[[ PROVIDED RECORDS, beginning ]]

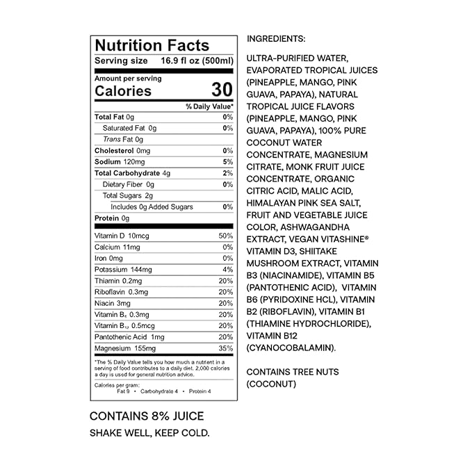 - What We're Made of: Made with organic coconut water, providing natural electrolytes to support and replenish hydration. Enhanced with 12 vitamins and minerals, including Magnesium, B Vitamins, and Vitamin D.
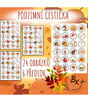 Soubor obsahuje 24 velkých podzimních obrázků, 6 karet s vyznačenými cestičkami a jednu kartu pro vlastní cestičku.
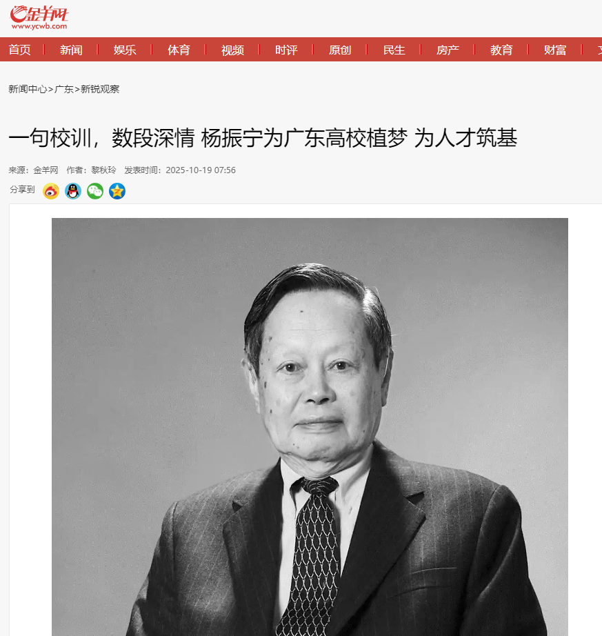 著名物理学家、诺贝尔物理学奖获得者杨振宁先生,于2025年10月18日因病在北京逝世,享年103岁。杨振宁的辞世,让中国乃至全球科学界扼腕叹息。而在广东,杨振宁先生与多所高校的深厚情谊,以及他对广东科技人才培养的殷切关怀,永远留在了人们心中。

[[ PROVIDED RECORDS, end ]]
[[ PROVIDED RECORDS, beginning ]]

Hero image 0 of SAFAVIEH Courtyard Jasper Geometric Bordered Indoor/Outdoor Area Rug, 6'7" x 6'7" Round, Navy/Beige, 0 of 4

[[ PROVIDED RECORDS, end ]]

- WHAT IS EXPECTED
Transcribe the lines above exactly, beginning at the one with "Soubor obsahuje 24" and ending at the one with "著名物理学家、诺贝尔物理学奖". Include both; exclude the pictures.

- EXERCISE RESPONSE
 Soubor obsahuje 24 velkých podzimních obrázků, 6 karet s vyznačenými cestičkami a jednu kartu pro vlastní cestičku.
 著名物理学家、诺贝尔物理学奖获得者杨振宁先生,于2025年10月18日因病在北京逝世,享年103岁。杨振宁的辞世,让中国乃至全球科学界扼腕叹息。而在广东,杨振宁先生与多所高校的深厚情谊,以及他对广东科技人才培养的殷切关怀,永远留在了人们心中。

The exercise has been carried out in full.